Gusto now offers benefits that fit every budget, with no-cost, low-cost, and premium options. From health benefits like QSEHRAs to financial wellness solutions like Gusto Wallet, you can help build the right benefits package for your clients’ teams. Get certified in People Advisory today.
The pandemic has brought many American mainstays to the brink: the movie theater, the department store, the salad bar.
Anyway, I can’t say this for sure, but I have to imagine that at least a few accountants were silently hoping to say goodbye to another stalwart that has been a hassle for decades: the paper office. Finally, the pandemic would force everyone to get comfortable doing everything online and put the need for paper copies and in-person meetings to collect physical signatures to rest for good. More efficiency! Less waste!

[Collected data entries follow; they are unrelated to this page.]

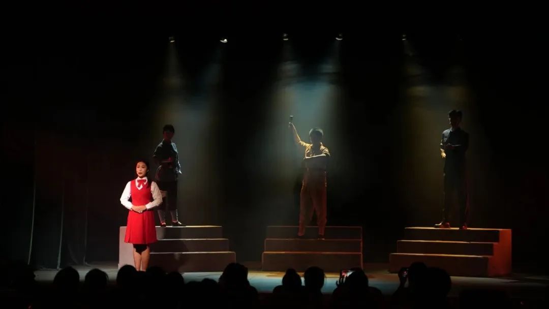 实验剧场迎来了一场别开生面的“青年大学习”——“飘扬的旗帜”《台词》课程教改成果展在此圆满落幕。此次活动不仅是对《台词》课程教学改革成果的一次总结展示,更是对青年学子爱国情怀和青春风采的生动诠释。学院党委副书记柴芳、副院长徐晏与各系师生共同观看了演出。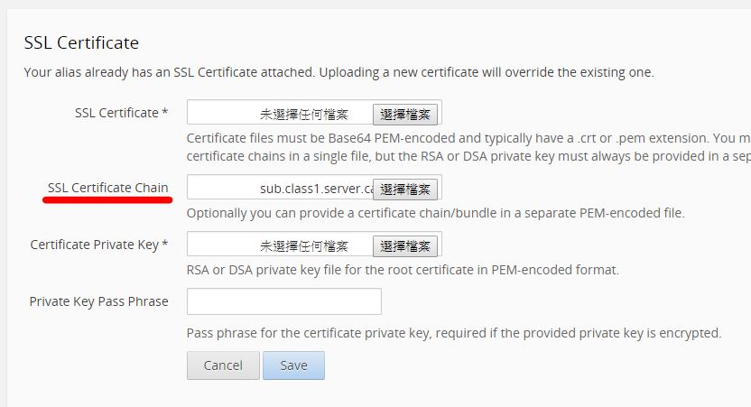 SSL Certificate選擇”Class 1 Intermediate Server CA”中間憑證,其餘分別選擇ssl.crt與dssl.key後保存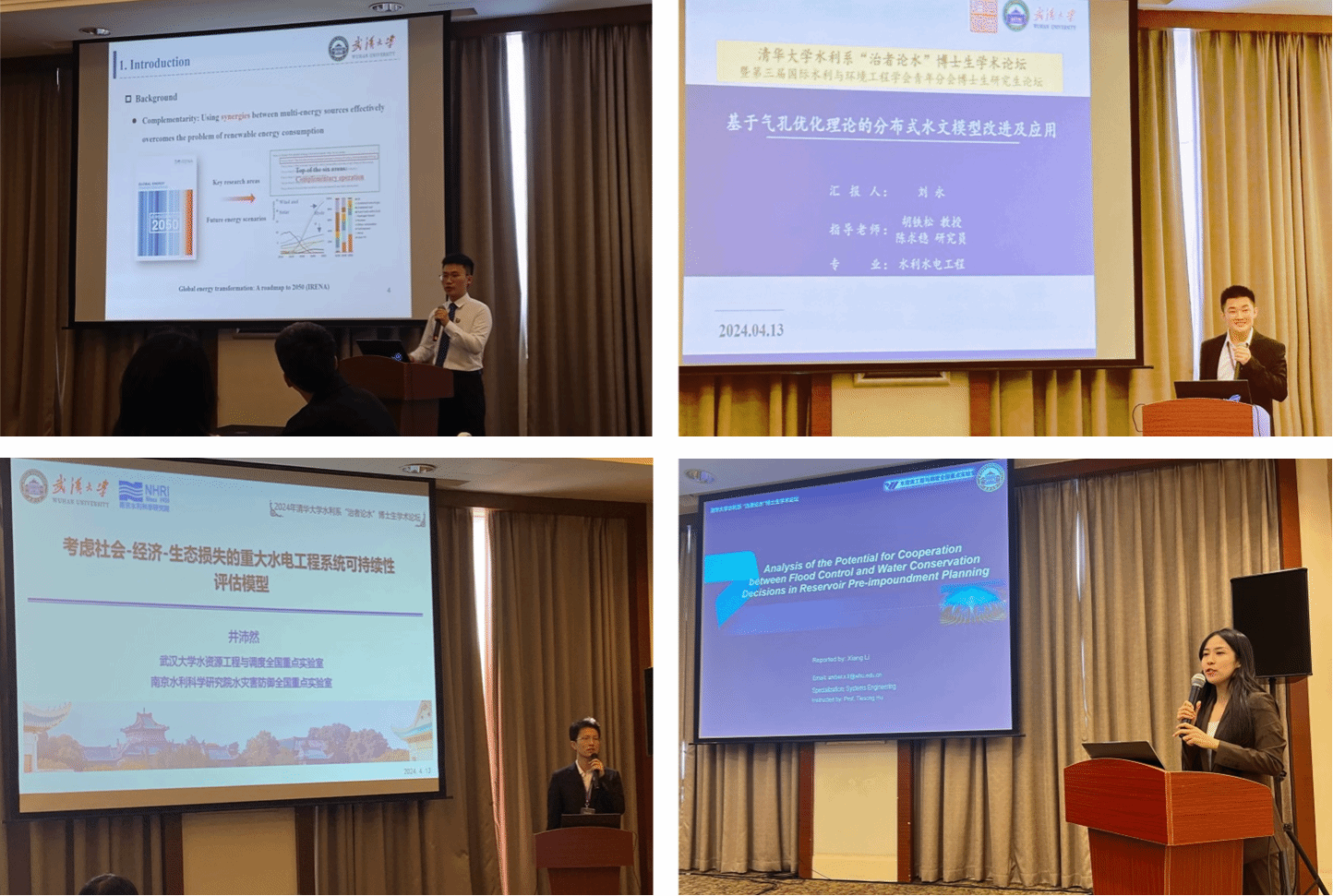 论坛环节,学院研究生李旭东、刘永在“水文科学、气候变化与碳中和”分会场分别作了题为《Short-term risk-management for hydro-wind-solar hybrid energy system considering hydropower part-load operating characteristics》和《基于气孔优化理论的分布式水文模型改进及应用》的学术汇报;井沛然在“工程项目管理、流域经济、资源环境与生态保护”分会场作了题为《考虑社会-经济-生态损失的重大水电工程系统可持续性评估模型》的学术报告,李想在英文专场作英文学术报告《水库汛末蓄水调度防洪与兴利决策的合作潜力探究》。李旭东、刘永获二等奖,井沛然、李想获三等奖,李想获评“优秀报告人”称号。

[T]he biggest tech problem for Enrolled Agent John Dundon, president of Taxpayer Advocacy Services in Englewood, Colorado, has been “really an introspection into human nature” — convincing established clients of the safety of encrypted file transfer portals and applications for e-signing. “My older clients prefer to conduct tax form review and signature in person and it’s been an uphill struggle,” he said.
I doubt Mr. Dundon reads this newsletter, but I’m curious as to what he’s specifically been contemplating about human nature. If it were me, the thing that I’d be trying to figure out is: Why are my clients more worried about the security of the internet than a deadly virus? I know for some people the act of signing a tax return every year is like taking a little bit of their heart, but still! I admit that cybersecurity is complex and not easy to understand, but at least it’s not potentially lethal.
I’m sure many of you are Excel wizards, and while it is an essential tool for you, you don’t really make a living from that wizardry. Not, at least, like these “Excel warriors saving the world from spreadsheet disaster”:
David Lyford-Smith is an expert at solving spreadsheet mysteries. Once, in a previous job, he was sent a payroll form to look over for a new starter. It had the number 40,335 in a random box, and payroll wasn’t clear why it was there. “So they assumed it was a joining bonus for the employee and drew up a draft pay slip with a £40,335 bonus,” he says. But, when it comes to spreadsheets, assumptions can be costly.
Lyford-Smith isn’t just a spreadsheet enthusiast. He’s the technical manager for the Institute of Chartered Accountants in England and Wales (ICAEW), running its Excel community group — and as such has always been suspicious of numbers in that range. “That’s how Excel stores dates, as serial numbers,” he says. He was right: that wasn’t a generous signing bonus, but the new hire’s starting date.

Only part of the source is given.